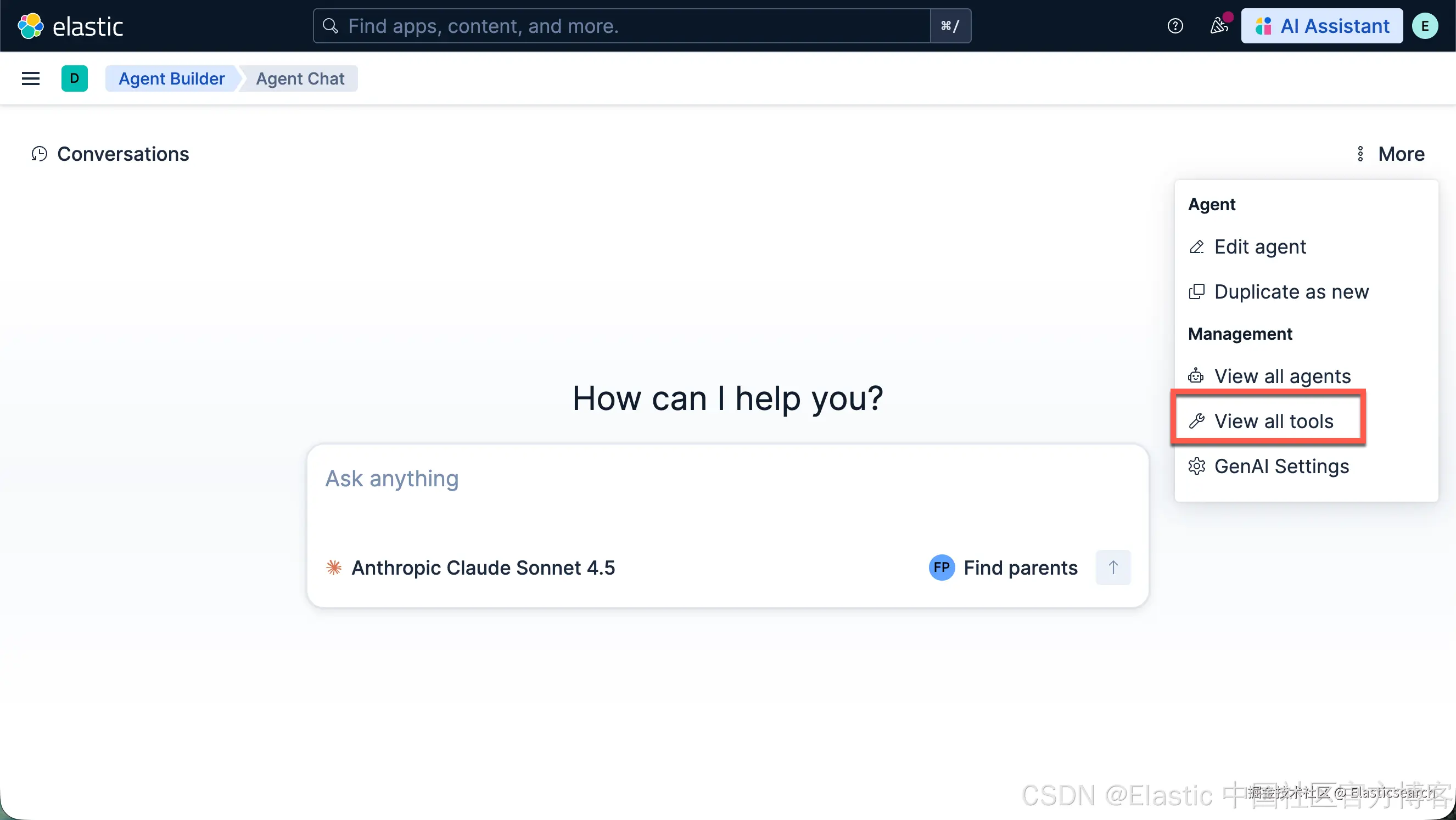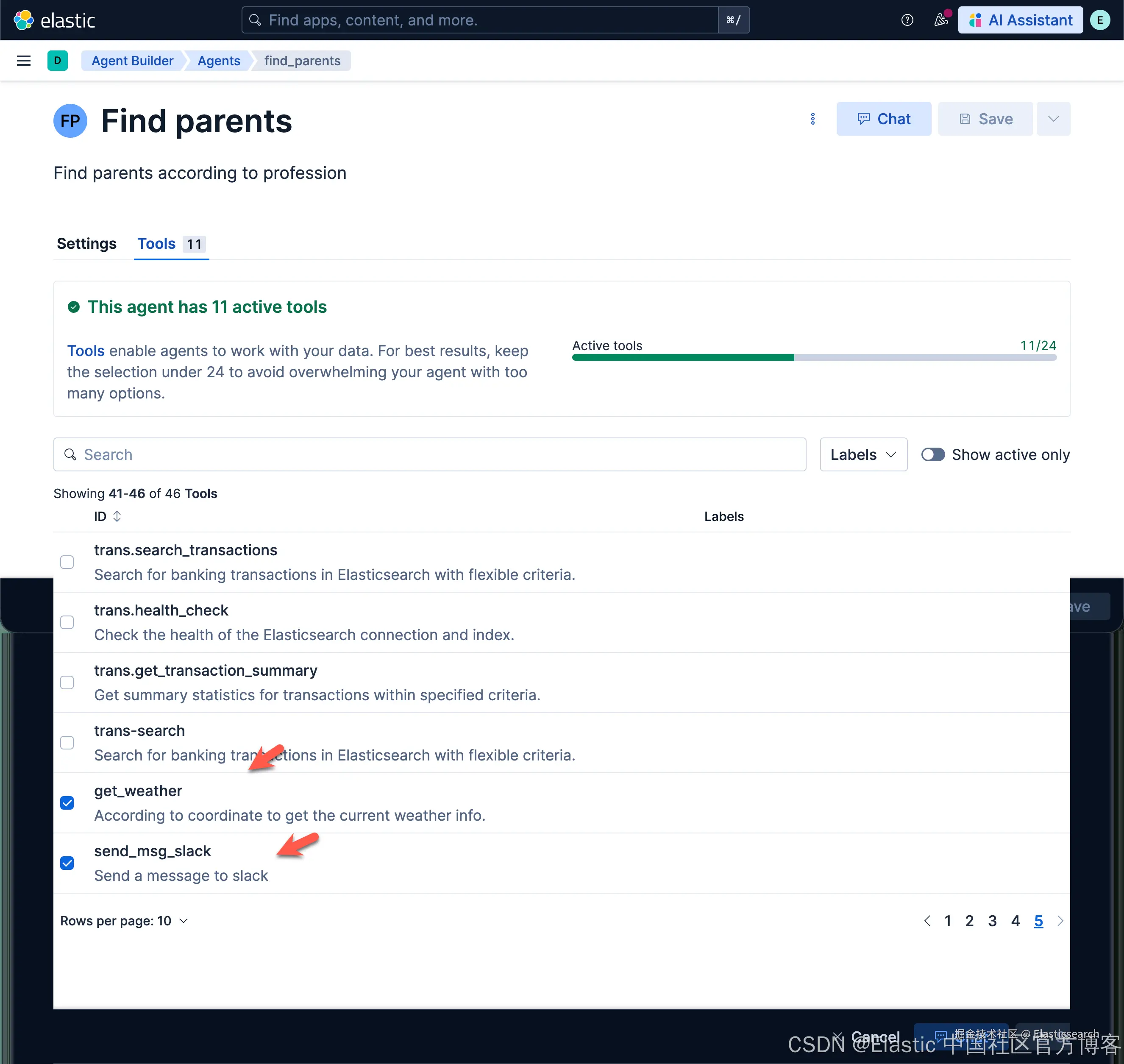 我们按照之前的文章 "Elastic AI agent builder 介绍(一)" 创建 "Find parents according to profession" agent。在这个 agent 里,我们添加上面已经创建好的两个工具。
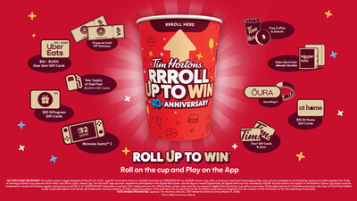 NEW YORK, February 23, 2026 – The iconic Tim Hortons U.S. Roll Up To Win® promotion launches today through March 22 with a chance to win* amazing prizes including travel getaways, electronics, gift cards, and over 1 million Tims food and beverages, gift cards, and Tim Rewards points prizes. No purchase is necessary. See Official Rules for details. (CNW Group/Tim Hortons)
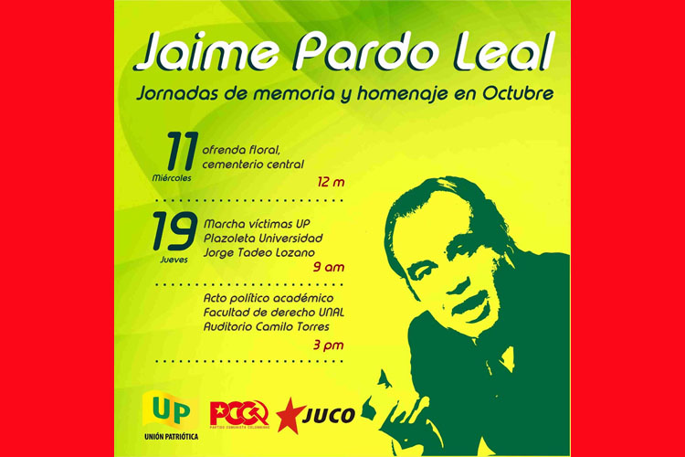 La dirección distrital del partido Unión Patriótica UP y del Comité Distrital del Partido Comunista PCC y la JUCO invitan a la ciudadanía de Bogotá y regiones vecinas a participar de los actos en homenaje al gran dirigente popular excandidato presidencial Jaime Pardo Leal con motivo de cumplirse 30 años del magnicidio cometido por fuerzas del Estado colombiano dentro del Genocidio cometido contra esta fuerza de la izquierda colombiana.

__________

_What is needed_.
Pictures stay out; output the lines from the top of the listing above through the line containing "NEW YORK, February", exactly as they stand.

_Written answer_.
 我们按照之前的文章 "Elastic AI agent builder 介绍(一)" 创建 "Find parents according to profession" agent。在这个 agent 里,我们添加上面已经创建好的两个工具。
 NEW YORK, February 23, 2026 – The iconic Tim Hortons U.S. Roll Up To Win® promotion launches today through March 22 with a chance to win* amazing prizes including travel getaways, electronics, gift cards, and over 1 million Tims food and beverages, gift cards, and Tim Rewards points prizes. No purchase is necessary. See Official Rules for details. (CNW Group/Tim Hortons)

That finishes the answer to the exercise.